### What to work on
Transcribe only the lines in the data below falling between the line with "to change information" and the line with "Create a subtle", including those two lines, and leave out any picture.

========================================================================

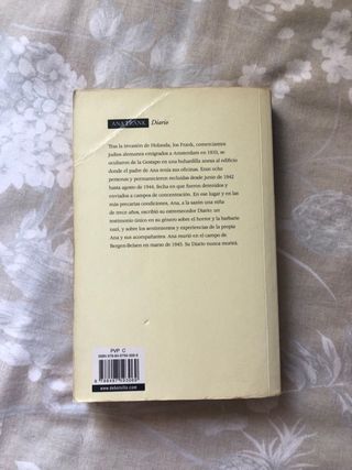 Libro en buen estado. Versión completa en español del famoso diario escrito por Ana Frank durante la Segunda Guerra Mundial. Ideal para estudiantes, lectores de biografías o interesados en la historia
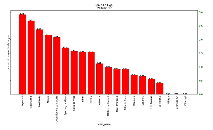 Эйбар в сезоне 2014/2015 - 14.7% голов с угловых (они заняли 18-е место и должны были вылететь, но избежали вылета из-за финансовых проблем у Эльче)
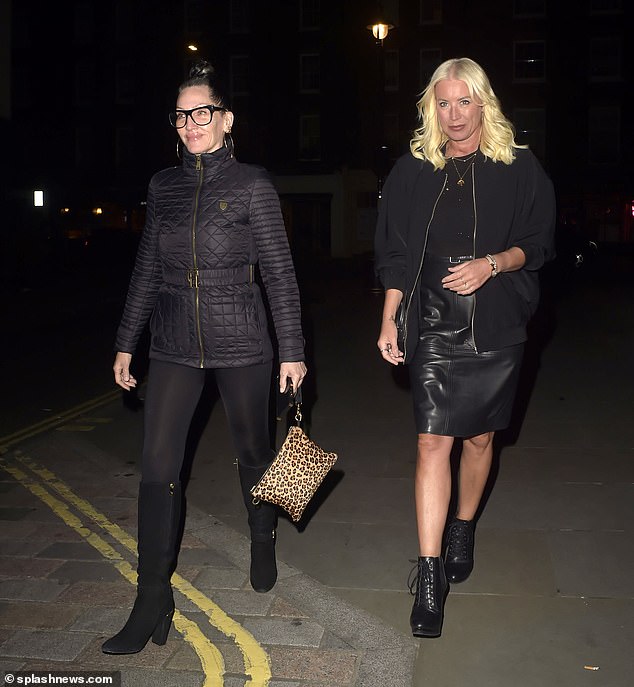 Denise Van Outen shows off her toned legs in a stylish black pleather skirt during a night out at the Chiltern Firehouse with friend Michelle Visage
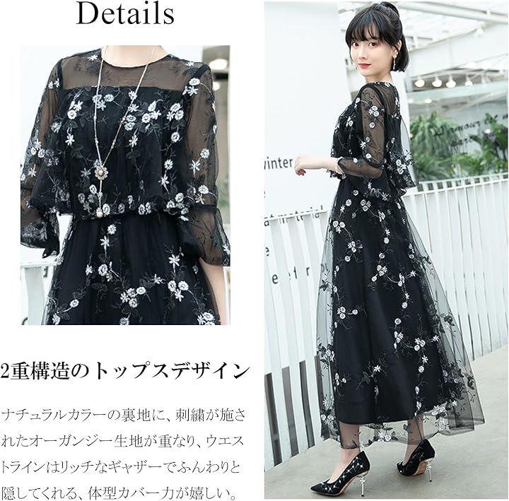 「考え抜かれたデザイン」上品でエレガントなロング、マキシ丈スカートは高いウエストラインにより足長効果が高く、全体的に2枚構造になった刺繍入りのシースルー素材とのレイヤードが、他にはないデザインで目を引きます。胸元のラインと袖には裏地がなくスッキリと細見えの効果もあり。
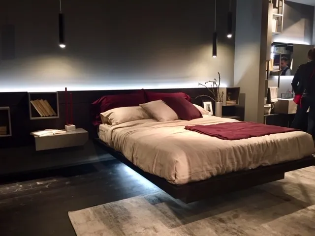 Il suo progetto contenitore brevettato lo rende inimitabile. Include comodini sospesi integrati, cubotto a giorno, vaschetta portaoggetti e un impianto di illuminazione originale per testata e sotto contenitore.
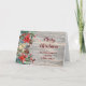 Feliz Natal para o primo e seu cartão de família com água doce verde e poinsettias com padrão de madeira de safra.
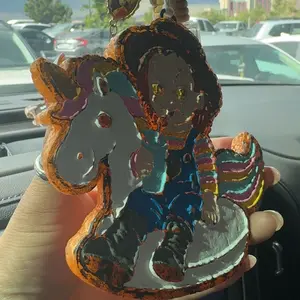 Very disappointed not at all what I expected. Only the front side of it is painted so if u hang it from your mirror you just see a black blob on the other side and the scent has only lasted a few days
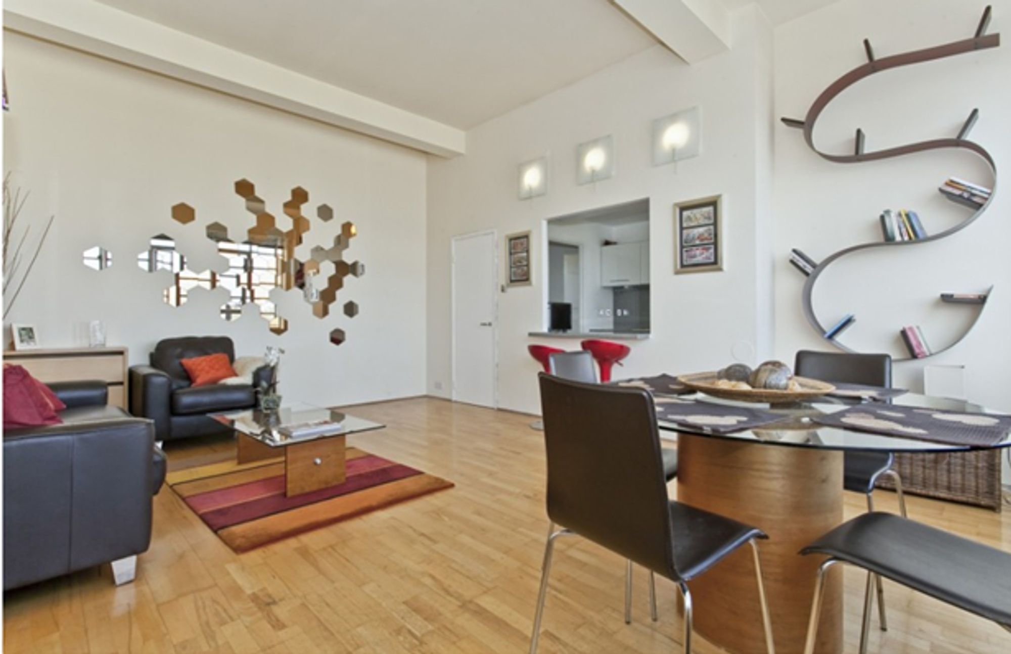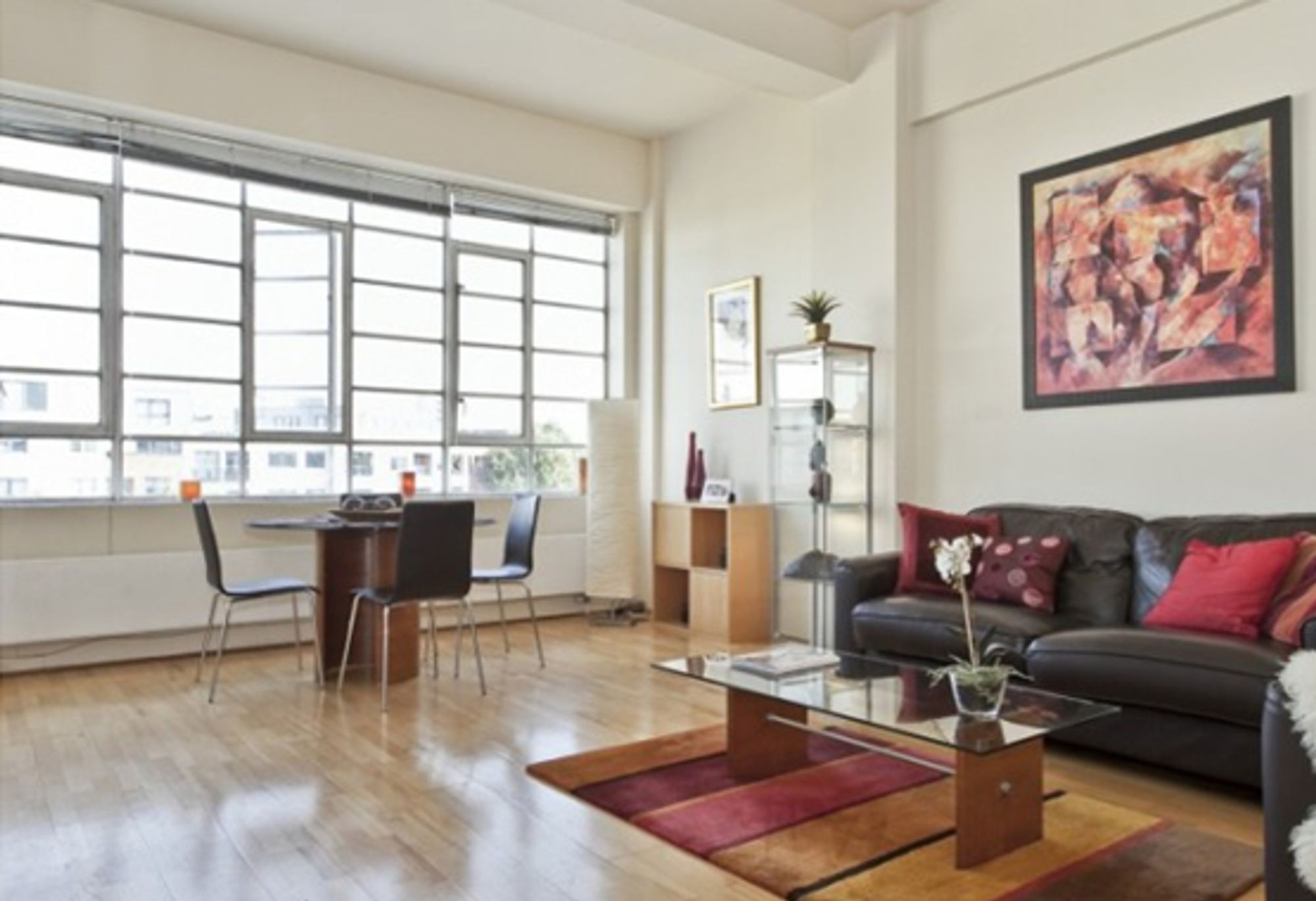 An excellent warehouse style apartment in this select gated development, with an impressive living space, including high ceilings and wooden floors. It is flooded with natural light from the wide expanse of original industrial windows, providing fabulous uninterrupted views to the north. The adjacent kitchen is fully fitted and equipped, and the double bedroom with excellent storage space also enjoys wonderful views to the north.
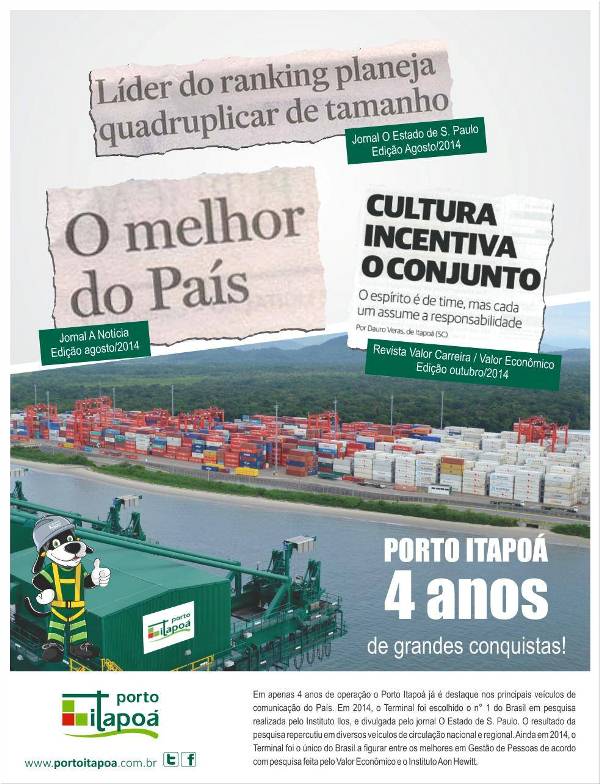 De lá para cá, foram quatro anos de muito trabalho e destaque no cenário nacional. Matérias sobre a eficiência do terminal portuário foram publicadas nos principais veículos de comunicação do País. O ano passado (2014) foi de muitas conquistas para o Porto Itapoá, que foi escolhido o número 1 do Brasil em pesquisa realizada pelo Instituto ILOS e divulgada pelo jornal “O Estado de São Paulo”. O resultado teve repercussão em diversos veículos de circulação nacional e regional. Também em 2014, uma pesquisa realizada pelo “Valor Econômico” e o “Instituto Aon Hewitt” destacou a Gestão de Pessoas do Porto Itapoá, que foi o único terminal portuário do Brasil a figurar entre os melhores nesse quesito.
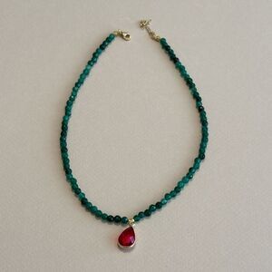 This stunning necklace features vibrant green beads and a striking red teardrop pendant, perfect for adding a pop of color to any outfit.
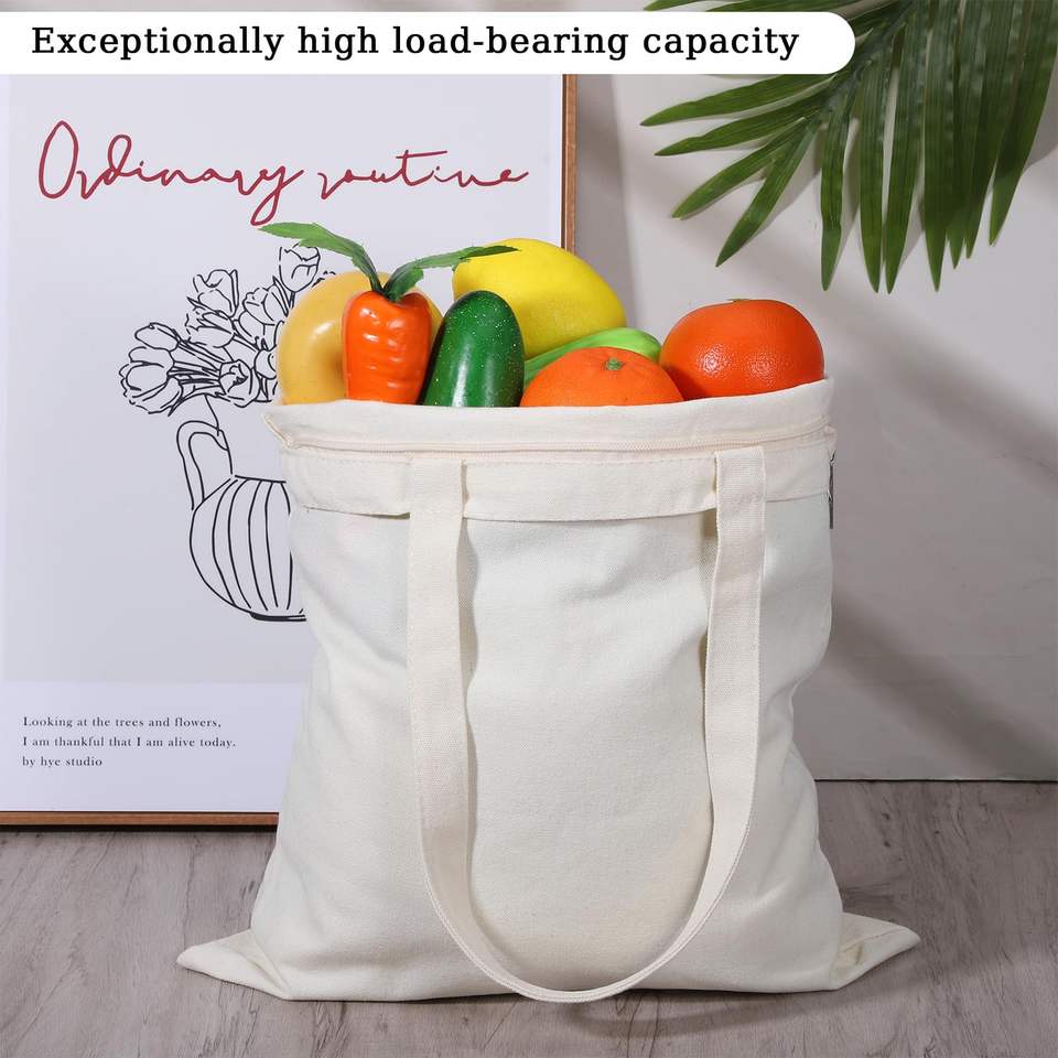 Borsa shopper riutilizzabile ecologica in tela naturale con cerniera per donna, ideale come regalo, per pubblicità e attività promozionali
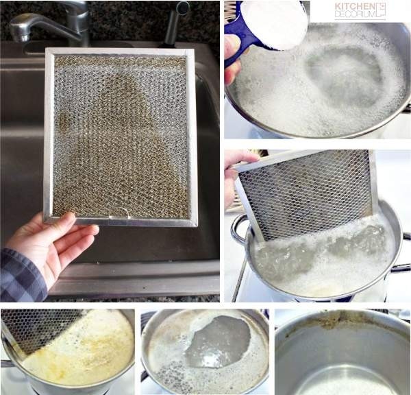 - المياه الغازية. لهذا سوف تحتاج أطباق واسعة. تُسكب كمية صغيرة من السائل فيها وتُحرق على النار وتُغلى. يضاف صودا الخبز إلى الماء المغلي (حوالي 250 غرام من الصودا إلى 10 لترات من السائل). ثم وضعوا المشابك والتصفية في المقلاة ، وجعل النار أبطأ وترك على النار لمدة 30-40 دقيقة أخرى. وهكذا ، يذوب الدهون تدريجيا.بعد فترة من الوقت ، أخرج المصفاة بالفلتر واغسلها تحت الماء في درجة حرارة الغرفة. يمكن إزالة التلوث المتبقي في الأماكن التي يتعذر الوصول إليها من خلال قطعة قطن.
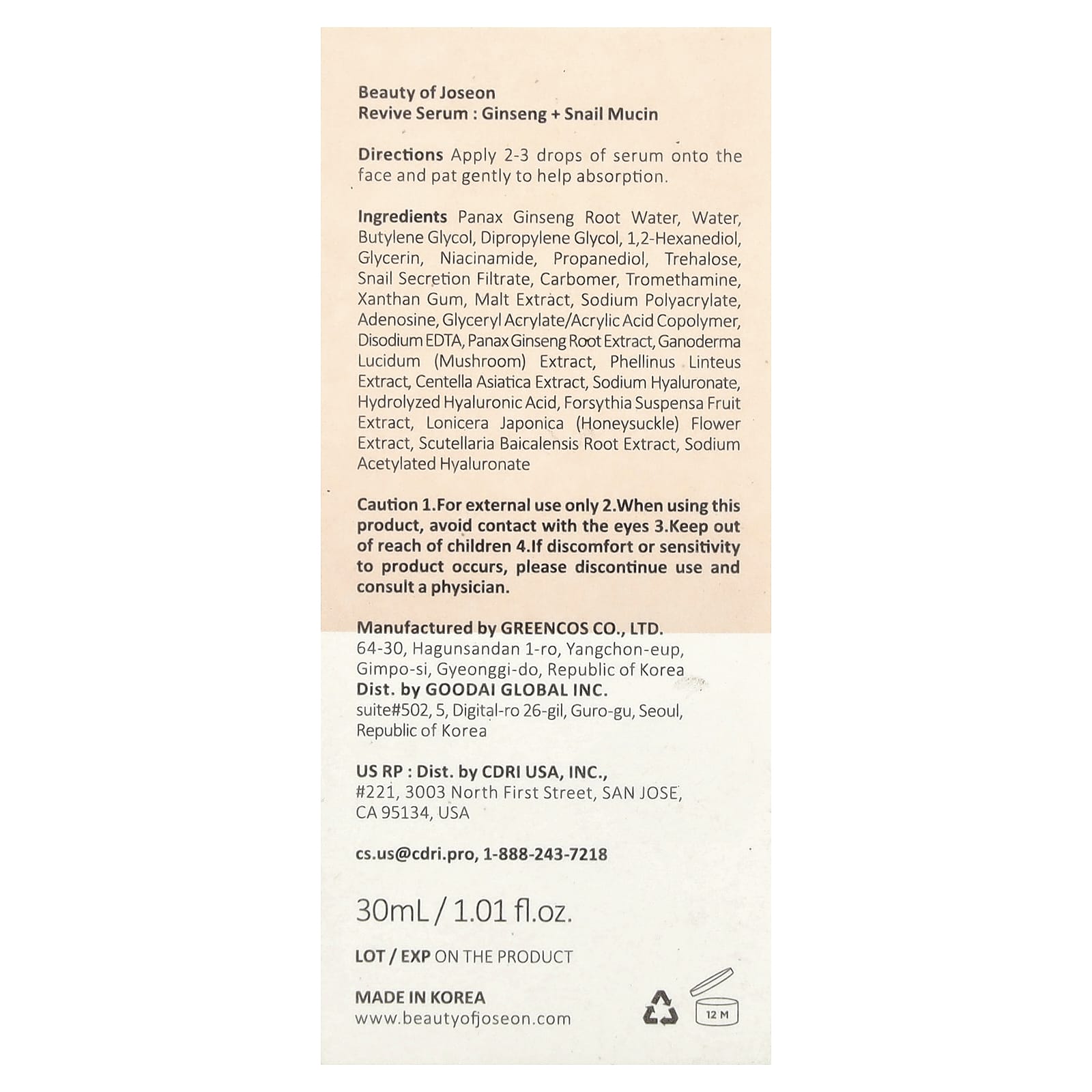 Beauty of Joseon Sérum Revive Ginseng + Mucina de Caracol 30 ml (101 fl oz) – Beauty of Joseon Beleza Tratamentos e Séruns Séruns Faciais Tratamentos e Séruns K-Beauty.
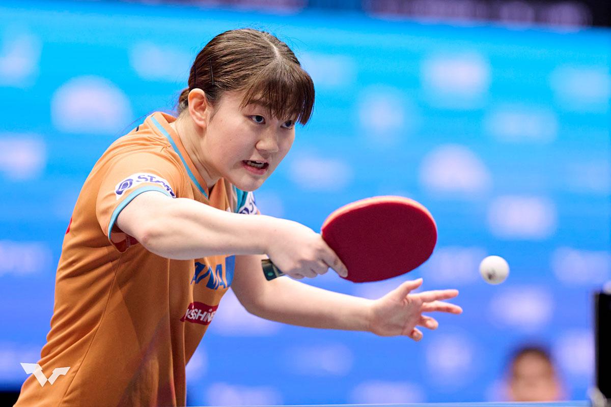 早田ひな(日本) -5,5,5,3 横井咲桜(日本)
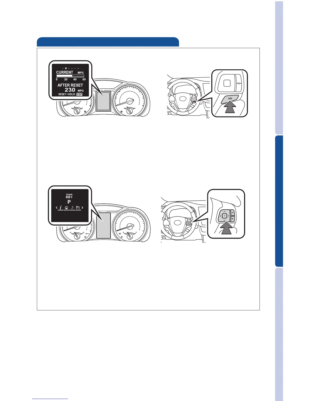 Push “DISP” to change information in the following:
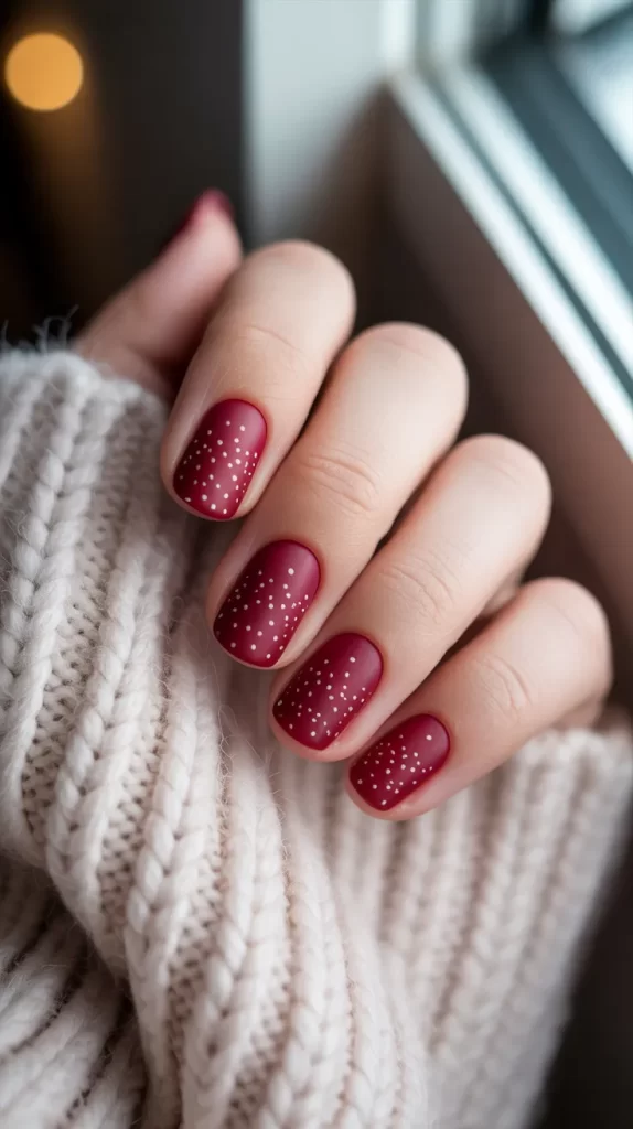 Create a subtle winter effect with small white dots on matte red nails, resembling gentle snowfall. The minimalist design evokes a magical, snowy atmosphere.
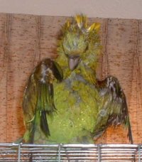 well its been almost a week since we seperated them .Shrek does not seem to be affected he is the same ole happy guy . But Pheona is starting to change Instead of sitting their being a grump and growling all day , she has began to chew on her toys and whistle a little. Funny thing , it was our male cockatiel who got her out of her shell. through the day he goes over to her side of his cage , he puts his wings up in a territorial display and dances at her, it really seems to aggravate Pheona and Fred is lucky she cant reach him. Anywho he does his display and she fluffs up and bawks at him and they climb up and down the cages doing this for a while , then he goes back to his nest box and she plays a little , squeaks and whistles , its nice to see her come alive , ( even if it is to destroy my cockatiel)Fred never bothers Shrek I guess he is not very interesting to him .It is really interesting to watch . We did clip Shreks wings Everytime we go to feed he wants to try to fly around and he is horrible at it. he is always flying into things , so we clipped him for his own safety and he has calmed down alot since then . As for Fred and Wilma they are happy little brooders right now around the first week of april we should have our first chick were excited .Hope all is well with you and your featherd babies.

========================================================================

### Answer section
 Push “DISP” to change information in the following:
 Create a subtle winter effect with small white dots on matte red nails, resembling gentle snowfall. The minimalist design evokes a magical, snowy atmosphere.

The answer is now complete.